- Opening Delimiter -
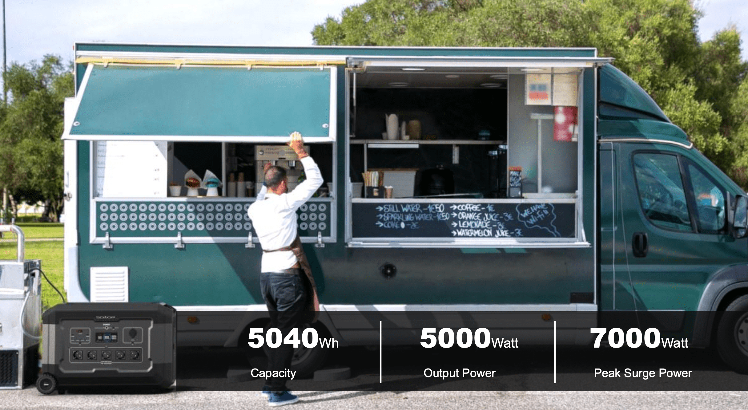- Outputs : USB-A / USB-C / 12Vdc / 230Vac (5.000W).
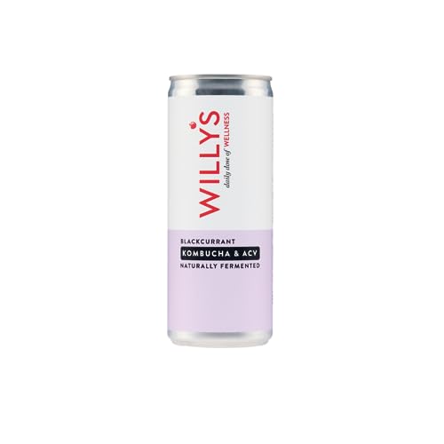 WILLY'S Blackcurrant Kombucha & Apple Cider Vinegar - Probiotics For Detox & Gut Health - Vegan & Gluten Free - 12 x 250ml Cans - Sustainable ACV
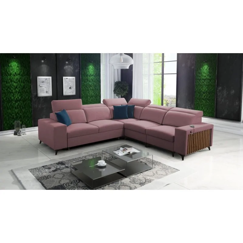 - Narożnik dostępny w wielu kolorach plamoodpornych tkanin o różnych strukturach, m.in welurach i plecionkach
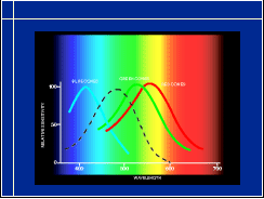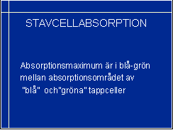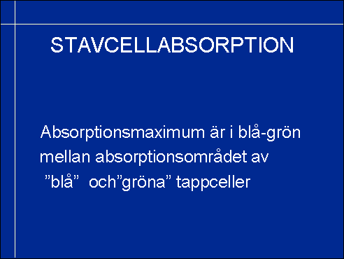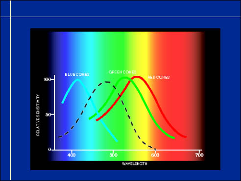 Man kan minska bländning med filterglasögon. För att förstå deras inverkan på seendet måste man veta om stavcellers absorptionskurva. Den ligger mellan kurvorna av de blåkänsliga och de grönkänsliga tappcellerna.
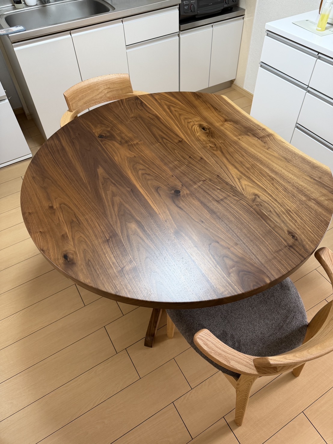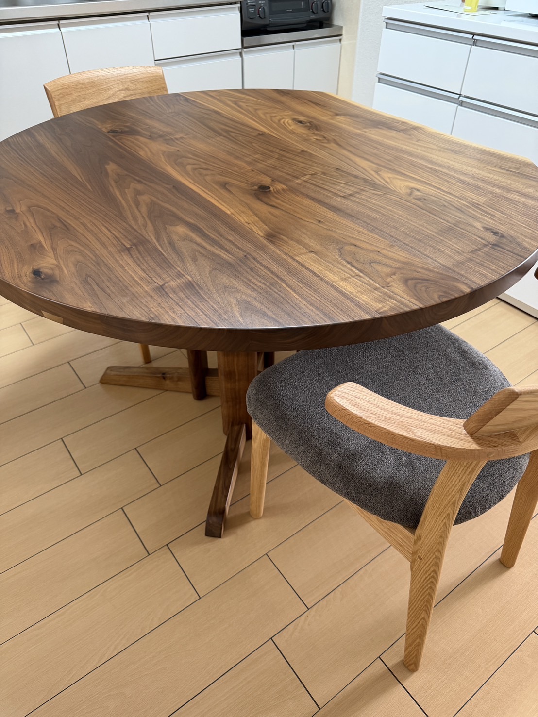 美しい木目のウォールナット材を円形のテーブルに仕上げました。
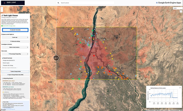 The Technical Teardown covers the Dark Light Viewer, a free browser tool I built for tracking infrastructure change using NASA night-light data. A reminder that when some sources dry up, getting creative with under-utilised sources can open up new avenues for research.
- Closing Delimiter -
PROBLEM:
Word-for-word output of the material above is needed, with the pictures left out.

SOLUTION TO THIS EXERCISE:
- Outputs : USB-A / USB-C / 12Vdc / 230Vac (5.000W).
 WILLY'S Blackcurrant Kombucha & Apple Cider Vinegar - Probiotics For Detox & Gut Health - Vegan & Gluten Free - 12 x 250ml Cans - Sustainable ACV
 - Narożnik dostępny w wielu kolorach plamoodpornych tkanin o różnych strukturach, m.in welurach i plecionkach
 Man kan minska bländning med filterglasögon. För att förstå deras inverkan på seendet måste man veta om stavcellers absorptionskurva. Den ligger mellan kurvorna av de blåkänsliga och de grönkänsliga tappcellerna.
 美しい木目のウォールナット材を円形のテーブルに仕上げました。
 The Technical Teardown covers the Dark Light Viewer, a free browser tool I built for tracking infrastructure change using NASA night-light data. A reminder that when some sources dry up, getting creative with under-utilised sources can open up new avenues for research.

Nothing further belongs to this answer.